• **Material provided**:
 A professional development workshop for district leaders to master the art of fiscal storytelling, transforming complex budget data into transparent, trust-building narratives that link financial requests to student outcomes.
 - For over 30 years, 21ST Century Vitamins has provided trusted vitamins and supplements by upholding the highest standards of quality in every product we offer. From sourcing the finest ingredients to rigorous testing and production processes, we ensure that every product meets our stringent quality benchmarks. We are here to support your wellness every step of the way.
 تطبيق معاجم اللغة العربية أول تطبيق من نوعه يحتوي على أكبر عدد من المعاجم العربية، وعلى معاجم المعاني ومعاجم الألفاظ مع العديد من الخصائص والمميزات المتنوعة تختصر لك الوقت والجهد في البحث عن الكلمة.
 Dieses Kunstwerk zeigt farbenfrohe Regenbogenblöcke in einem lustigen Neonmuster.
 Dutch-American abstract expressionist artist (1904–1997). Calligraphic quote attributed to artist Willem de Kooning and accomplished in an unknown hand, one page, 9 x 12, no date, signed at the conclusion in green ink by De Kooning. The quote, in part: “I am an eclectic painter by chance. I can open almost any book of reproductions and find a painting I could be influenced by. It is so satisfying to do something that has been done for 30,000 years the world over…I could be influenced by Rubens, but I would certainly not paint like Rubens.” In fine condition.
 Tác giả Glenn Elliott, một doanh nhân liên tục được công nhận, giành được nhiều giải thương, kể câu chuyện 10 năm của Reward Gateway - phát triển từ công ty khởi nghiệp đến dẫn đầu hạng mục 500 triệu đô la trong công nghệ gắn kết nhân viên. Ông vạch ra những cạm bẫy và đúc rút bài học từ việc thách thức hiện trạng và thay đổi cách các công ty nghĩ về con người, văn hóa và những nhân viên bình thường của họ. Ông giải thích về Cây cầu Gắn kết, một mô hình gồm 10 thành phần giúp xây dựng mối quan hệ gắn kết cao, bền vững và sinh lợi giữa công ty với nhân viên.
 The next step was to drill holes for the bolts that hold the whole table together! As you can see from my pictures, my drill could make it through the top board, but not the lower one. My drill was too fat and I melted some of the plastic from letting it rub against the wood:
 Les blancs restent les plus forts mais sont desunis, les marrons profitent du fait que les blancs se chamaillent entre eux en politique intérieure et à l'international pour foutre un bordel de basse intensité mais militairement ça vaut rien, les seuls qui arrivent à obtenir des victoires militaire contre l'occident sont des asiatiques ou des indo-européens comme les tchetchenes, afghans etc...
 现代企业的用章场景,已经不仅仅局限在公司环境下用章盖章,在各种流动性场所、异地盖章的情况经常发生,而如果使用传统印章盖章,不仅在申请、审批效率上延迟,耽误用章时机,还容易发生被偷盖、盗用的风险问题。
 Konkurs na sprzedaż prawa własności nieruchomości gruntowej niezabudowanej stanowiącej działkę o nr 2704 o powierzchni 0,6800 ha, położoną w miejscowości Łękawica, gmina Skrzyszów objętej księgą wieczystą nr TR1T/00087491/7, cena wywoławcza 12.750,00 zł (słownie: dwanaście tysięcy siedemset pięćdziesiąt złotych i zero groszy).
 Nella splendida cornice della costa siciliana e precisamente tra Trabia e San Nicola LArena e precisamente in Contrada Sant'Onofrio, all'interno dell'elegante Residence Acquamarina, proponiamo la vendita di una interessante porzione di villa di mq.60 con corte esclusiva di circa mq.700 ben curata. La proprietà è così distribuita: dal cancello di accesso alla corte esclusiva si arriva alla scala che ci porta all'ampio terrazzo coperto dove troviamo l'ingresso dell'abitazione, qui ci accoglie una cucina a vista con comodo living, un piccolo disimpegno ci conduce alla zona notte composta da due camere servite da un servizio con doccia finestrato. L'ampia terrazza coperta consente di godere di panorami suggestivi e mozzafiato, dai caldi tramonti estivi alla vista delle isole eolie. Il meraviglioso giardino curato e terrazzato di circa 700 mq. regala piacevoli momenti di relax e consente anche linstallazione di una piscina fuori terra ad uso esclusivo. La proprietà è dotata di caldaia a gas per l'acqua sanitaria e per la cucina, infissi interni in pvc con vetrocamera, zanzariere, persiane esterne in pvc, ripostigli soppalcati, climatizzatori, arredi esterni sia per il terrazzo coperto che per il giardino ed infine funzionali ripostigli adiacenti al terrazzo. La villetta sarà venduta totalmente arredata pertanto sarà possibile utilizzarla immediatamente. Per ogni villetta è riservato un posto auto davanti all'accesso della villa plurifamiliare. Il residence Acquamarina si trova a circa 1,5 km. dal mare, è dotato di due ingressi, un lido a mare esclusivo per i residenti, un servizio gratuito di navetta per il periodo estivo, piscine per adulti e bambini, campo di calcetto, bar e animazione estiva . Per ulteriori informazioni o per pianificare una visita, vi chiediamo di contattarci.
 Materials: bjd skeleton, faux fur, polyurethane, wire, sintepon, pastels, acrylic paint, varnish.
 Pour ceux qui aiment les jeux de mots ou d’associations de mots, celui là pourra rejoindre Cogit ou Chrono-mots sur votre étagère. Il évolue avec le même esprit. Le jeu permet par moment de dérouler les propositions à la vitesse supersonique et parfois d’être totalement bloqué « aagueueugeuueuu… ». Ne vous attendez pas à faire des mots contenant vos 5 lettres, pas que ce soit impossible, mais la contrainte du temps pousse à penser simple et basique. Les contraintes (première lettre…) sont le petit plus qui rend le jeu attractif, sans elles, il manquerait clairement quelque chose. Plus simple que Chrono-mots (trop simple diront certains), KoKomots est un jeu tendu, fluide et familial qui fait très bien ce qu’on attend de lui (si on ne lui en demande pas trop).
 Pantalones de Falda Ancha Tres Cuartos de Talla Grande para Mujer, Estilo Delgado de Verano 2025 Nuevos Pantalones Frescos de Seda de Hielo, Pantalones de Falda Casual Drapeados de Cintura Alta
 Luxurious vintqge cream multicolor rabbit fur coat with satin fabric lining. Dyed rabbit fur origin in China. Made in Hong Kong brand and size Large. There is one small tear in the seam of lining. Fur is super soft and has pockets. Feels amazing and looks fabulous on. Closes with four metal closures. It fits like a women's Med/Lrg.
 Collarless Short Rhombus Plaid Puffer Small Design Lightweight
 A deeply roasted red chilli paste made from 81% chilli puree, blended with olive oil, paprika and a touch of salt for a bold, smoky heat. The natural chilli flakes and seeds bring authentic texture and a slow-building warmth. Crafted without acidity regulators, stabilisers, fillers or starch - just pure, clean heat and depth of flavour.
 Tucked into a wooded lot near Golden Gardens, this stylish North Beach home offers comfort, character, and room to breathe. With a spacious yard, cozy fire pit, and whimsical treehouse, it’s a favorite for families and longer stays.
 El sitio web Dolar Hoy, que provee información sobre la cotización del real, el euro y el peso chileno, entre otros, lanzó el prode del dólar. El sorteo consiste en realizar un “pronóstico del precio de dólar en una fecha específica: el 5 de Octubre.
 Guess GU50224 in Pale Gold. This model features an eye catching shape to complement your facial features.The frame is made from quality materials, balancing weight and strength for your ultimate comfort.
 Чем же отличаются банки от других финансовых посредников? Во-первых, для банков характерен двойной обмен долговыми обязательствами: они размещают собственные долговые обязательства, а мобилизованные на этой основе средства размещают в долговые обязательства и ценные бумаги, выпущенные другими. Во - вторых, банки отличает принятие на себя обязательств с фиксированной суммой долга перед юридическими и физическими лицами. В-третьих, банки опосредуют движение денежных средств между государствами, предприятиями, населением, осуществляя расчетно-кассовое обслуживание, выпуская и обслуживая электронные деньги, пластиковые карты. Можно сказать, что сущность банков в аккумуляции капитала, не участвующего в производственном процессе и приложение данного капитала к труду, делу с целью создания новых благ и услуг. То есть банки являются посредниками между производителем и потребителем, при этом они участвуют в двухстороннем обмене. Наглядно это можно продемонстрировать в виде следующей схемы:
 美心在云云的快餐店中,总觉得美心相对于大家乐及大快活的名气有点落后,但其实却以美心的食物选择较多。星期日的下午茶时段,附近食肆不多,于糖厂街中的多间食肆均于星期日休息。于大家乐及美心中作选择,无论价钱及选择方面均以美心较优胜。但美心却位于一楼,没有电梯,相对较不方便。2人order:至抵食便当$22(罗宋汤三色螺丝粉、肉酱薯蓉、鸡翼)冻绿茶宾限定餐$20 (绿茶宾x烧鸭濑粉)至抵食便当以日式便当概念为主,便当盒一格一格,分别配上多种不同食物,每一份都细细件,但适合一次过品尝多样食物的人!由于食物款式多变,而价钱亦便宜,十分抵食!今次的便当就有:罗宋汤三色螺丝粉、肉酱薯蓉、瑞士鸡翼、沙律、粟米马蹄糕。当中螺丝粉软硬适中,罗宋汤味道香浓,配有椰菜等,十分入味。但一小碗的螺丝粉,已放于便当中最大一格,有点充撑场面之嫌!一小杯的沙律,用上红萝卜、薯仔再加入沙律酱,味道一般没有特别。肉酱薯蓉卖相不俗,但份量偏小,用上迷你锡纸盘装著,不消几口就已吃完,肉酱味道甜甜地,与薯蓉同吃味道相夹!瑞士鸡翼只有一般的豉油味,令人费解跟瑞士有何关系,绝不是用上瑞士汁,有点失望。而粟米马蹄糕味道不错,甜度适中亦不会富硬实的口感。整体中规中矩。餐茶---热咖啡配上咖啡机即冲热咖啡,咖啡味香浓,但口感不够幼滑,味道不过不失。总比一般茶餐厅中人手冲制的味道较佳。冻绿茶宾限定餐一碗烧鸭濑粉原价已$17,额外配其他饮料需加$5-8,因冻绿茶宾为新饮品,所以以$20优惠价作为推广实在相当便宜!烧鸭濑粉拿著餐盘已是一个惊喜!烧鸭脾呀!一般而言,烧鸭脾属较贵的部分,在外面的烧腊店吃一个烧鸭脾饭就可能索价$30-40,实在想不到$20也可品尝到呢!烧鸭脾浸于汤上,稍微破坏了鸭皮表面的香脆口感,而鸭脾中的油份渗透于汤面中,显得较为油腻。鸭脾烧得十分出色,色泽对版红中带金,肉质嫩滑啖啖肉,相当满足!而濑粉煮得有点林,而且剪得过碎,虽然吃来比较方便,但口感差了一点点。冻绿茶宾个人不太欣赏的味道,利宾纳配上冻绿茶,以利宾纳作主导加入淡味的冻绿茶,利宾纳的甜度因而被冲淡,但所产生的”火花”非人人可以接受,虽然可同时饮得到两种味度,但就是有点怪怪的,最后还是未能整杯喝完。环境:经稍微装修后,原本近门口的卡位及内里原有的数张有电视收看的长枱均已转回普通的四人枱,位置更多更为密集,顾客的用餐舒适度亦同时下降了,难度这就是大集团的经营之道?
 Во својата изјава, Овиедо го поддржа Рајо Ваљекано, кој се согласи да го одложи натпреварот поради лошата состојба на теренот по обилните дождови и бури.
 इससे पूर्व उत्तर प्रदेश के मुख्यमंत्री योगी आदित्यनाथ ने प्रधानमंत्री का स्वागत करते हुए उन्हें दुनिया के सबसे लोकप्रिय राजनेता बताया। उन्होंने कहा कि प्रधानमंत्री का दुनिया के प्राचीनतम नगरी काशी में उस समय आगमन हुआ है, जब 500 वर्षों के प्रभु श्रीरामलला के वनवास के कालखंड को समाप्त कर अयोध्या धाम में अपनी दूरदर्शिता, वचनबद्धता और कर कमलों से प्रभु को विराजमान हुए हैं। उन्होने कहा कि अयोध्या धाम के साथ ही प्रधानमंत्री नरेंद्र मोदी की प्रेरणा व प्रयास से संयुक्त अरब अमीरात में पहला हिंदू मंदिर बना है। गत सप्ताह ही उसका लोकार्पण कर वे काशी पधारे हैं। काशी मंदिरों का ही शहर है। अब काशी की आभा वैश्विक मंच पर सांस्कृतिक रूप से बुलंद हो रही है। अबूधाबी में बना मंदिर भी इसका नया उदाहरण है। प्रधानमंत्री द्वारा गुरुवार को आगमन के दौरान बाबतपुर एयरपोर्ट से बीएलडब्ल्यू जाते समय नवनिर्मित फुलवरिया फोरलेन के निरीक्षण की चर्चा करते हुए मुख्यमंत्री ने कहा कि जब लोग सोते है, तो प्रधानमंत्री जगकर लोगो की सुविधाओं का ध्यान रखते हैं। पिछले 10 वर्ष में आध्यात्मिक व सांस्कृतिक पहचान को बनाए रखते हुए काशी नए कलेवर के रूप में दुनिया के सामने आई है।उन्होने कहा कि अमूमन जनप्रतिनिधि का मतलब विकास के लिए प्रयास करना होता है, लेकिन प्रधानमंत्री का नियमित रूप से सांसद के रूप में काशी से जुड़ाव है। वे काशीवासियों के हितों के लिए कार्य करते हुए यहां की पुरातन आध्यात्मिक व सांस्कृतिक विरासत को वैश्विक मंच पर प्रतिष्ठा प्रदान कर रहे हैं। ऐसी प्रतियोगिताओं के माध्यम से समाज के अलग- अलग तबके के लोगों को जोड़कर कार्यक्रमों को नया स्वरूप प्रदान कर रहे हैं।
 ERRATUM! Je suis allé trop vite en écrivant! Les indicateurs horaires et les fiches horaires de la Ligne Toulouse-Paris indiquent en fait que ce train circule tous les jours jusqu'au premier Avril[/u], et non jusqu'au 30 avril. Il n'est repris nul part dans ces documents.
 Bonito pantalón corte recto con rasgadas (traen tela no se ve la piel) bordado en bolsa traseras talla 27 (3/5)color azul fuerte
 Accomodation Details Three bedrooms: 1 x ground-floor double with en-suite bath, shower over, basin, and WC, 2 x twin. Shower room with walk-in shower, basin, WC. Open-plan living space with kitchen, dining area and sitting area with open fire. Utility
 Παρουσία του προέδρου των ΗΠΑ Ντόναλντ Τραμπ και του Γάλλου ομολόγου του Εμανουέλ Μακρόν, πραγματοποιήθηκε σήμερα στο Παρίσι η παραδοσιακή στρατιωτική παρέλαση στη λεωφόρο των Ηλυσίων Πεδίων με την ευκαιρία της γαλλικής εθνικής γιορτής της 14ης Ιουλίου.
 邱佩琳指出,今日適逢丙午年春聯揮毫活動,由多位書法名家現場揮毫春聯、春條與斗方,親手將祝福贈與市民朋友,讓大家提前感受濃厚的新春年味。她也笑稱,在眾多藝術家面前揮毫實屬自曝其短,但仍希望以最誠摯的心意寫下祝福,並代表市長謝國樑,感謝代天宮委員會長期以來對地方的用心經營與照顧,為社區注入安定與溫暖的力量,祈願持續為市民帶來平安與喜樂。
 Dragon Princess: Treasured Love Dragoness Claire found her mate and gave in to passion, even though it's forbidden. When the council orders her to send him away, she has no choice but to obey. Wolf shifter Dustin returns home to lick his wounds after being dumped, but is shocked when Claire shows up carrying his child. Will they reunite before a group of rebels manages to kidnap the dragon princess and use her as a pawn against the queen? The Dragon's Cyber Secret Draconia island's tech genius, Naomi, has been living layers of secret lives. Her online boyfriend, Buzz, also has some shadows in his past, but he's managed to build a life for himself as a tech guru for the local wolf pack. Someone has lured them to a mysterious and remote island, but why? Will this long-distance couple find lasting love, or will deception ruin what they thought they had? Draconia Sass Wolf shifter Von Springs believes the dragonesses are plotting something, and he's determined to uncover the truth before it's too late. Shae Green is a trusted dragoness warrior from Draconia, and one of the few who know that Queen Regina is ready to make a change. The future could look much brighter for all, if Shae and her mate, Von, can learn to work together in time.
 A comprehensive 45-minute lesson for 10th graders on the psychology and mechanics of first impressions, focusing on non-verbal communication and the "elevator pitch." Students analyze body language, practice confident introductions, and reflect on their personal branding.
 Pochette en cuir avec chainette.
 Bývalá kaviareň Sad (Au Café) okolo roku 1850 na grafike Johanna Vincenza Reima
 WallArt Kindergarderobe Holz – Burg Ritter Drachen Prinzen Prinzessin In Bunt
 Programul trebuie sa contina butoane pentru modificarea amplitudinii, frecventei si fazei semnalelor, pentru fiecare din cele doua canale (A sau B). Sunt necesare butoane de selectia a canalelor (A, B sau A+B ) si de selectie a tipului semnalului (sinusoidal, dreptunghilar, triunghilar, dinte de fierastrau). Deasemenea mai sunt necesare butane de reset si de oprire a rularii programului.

• **What to do**:
The result should be every line that contains "room", copied from the entries.

• **Output of the task**:
 Tucked into a wooded lot near Golden Gardens, this stylish North Beach home offers comfort, character, and room to breathe. With a spacious yard, cozy fire pit, and whimsical treehouse, it’s a favorite for families and longer stays.
 Accomodation Details Three bedrooms: 1 x ground-floor double with en-suite bath, shower over, basin, and WC, 2 x twin. Shower room with walk-in shower, basin, WC. Open-plan living space with kitchen, dining area and sitting area with open fire. Utility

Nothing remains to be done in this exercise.